Die Belastung der Luft mit Stickstoffdioxid (NO2) ist 2017 im Vergleich zum Vorjahr zurückgegangen. Die Zahl der Kommunen mit Grenzwertüberschreitungen nahm nach erster Schätzung von 90 auf 70 ab. Das zeigt die Auswertung der vorläufigen Mess­da­ten der Länder und des Umweltbundesamtes (UBA). Dennoch: An rund 46% der verkehrsnahen Messstationen wurde der Grenzwert von 40 µg/m³ im Jahresmittel überschritten, an zwei Drittel dieser Stationen mit Werten von mehr als 45 µg/m3 sogar deutlich.

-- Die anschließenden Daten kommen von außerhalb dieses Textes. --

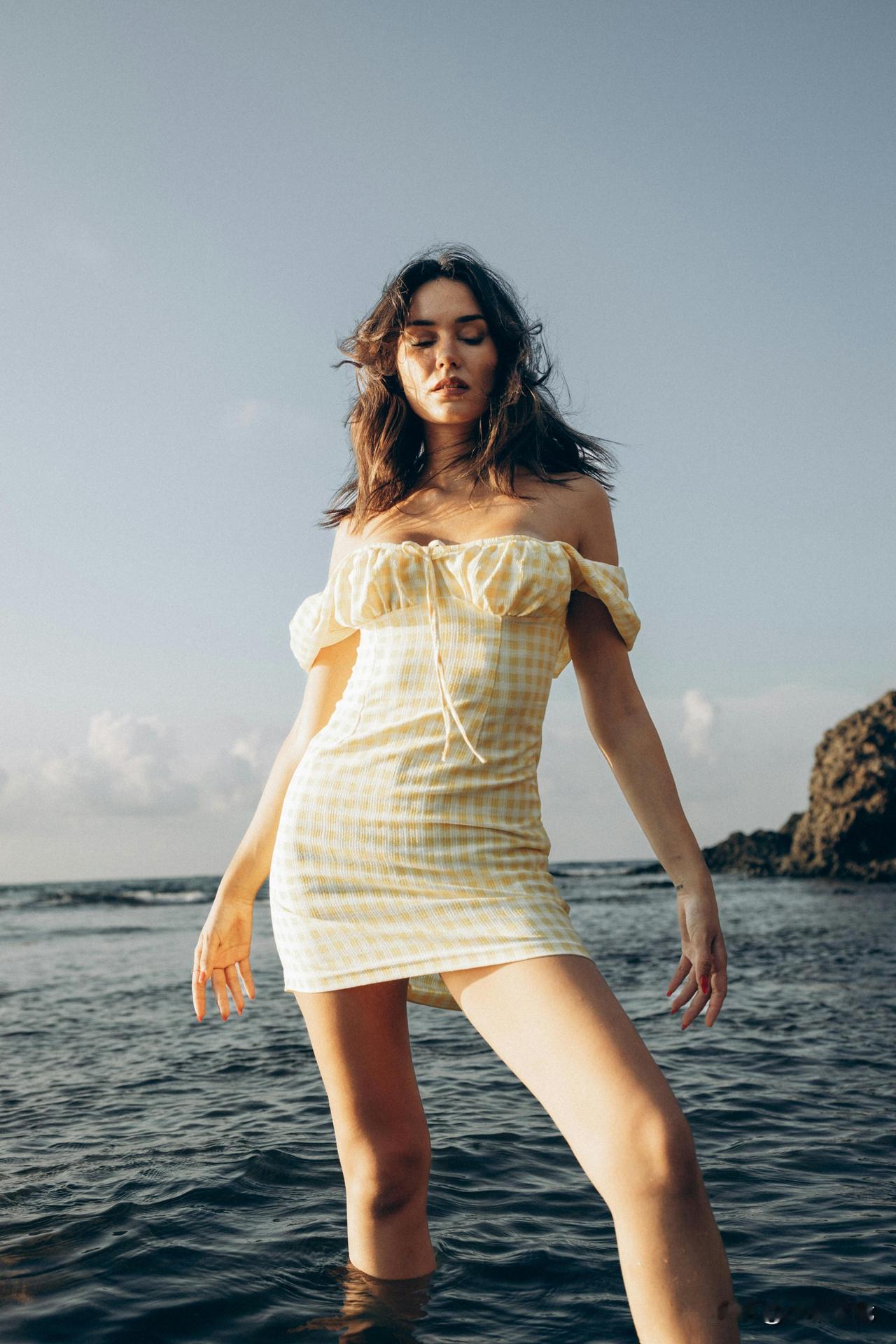 【黄裙海浪间|三组镜头定格海边度假的高光时刻】🌊 当格子黄裙遇见碧海晴空,每一帧都像度假明信片上的完美画面!露肩设计与褶皱裙摆在浪花间轻盈起舞,海风拂起卷发的瞬间,连发丝都浸满阳光的味道。 最爱那些不经意的灵动时刻:站立浅滩时腰际流转的光影,侧身戏水时红指甲与浪花的俏皮碰撞,还有漫步沙滩时裙摆勾勒的惬意弧度。从自信远望到闭眼感受海风,三组姿态将海边假期的松弛感演绎得淋漓尽致。 海边最美风景
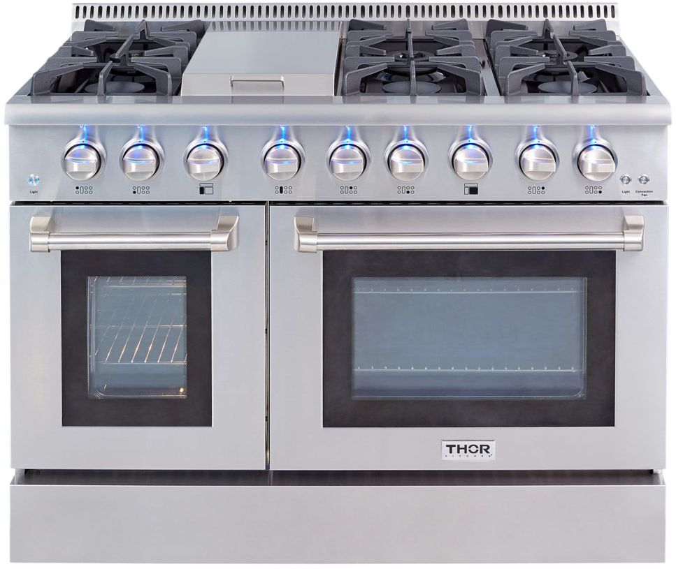 A 48 inch gas range in stainless steel featuring a double oven, 6 sealed burners, griddle, continuous grates, blue porcelain interior, 4.2 cu. ft. oven capacity and commercial convection fan.Read More

„Die Entwicklung geht in die richtige Richtung. Wir sind aber noch längst nicht am Ziel. Immer noch liegen viele Städte deutlich über dem seit 2010 einzuhaltenden Grenz­wert, viele Einwohner sind also weiter zu viel gesundheitsschädlichem Stickstoffdioxid ausgesetzt. Schuld sind vor allem die Diesel-Autos mit hohen Realemissionen, die oftmals erst in den vergangen Jahren zugelassen wurden und in den Städten unter­wegs sind“, konstatiert Maria Krautzberger, Präsidentin des UBA. „Wie vom Umwelt­bun­desamt im Sommer 2017 schon geschätzt, werden die Maßnahmen des Diesel-Gipfels mit Software-Updates und Umtauschprämien nicht ausreichen, um die Luft in den Städten so zu verbessern, dass die Grenzwerte überall eingehalten werden. Wir brauchen dringend die Hardware-Nachrüstung der Autos und leichten Nutzfahrzeuge. Nur so können wir die Gesundheitsbelastungen durch Stickstoffoxide schnell und vor allem dauerhaft senken.“

Den Rückgang der mittleren Stickstoffdioxidbelastung an verkehrsnahen Messstationen im Jahr 2017 um zirka 2 µg/m³ im Jahresmittel wertet das UBA als Indiz dafür, dass die durch die Dieseldebatte angestoßenen Maßnahmen in den Städten anfangen zu wirken. So wurden beispielsweise...
  • örtlich Tempolimits eingeführt,
  • durch Straßenverengung der Verkehr reduziert,
  • öffentliche Verkehre gefördert und
  • Busse nachgerüstet.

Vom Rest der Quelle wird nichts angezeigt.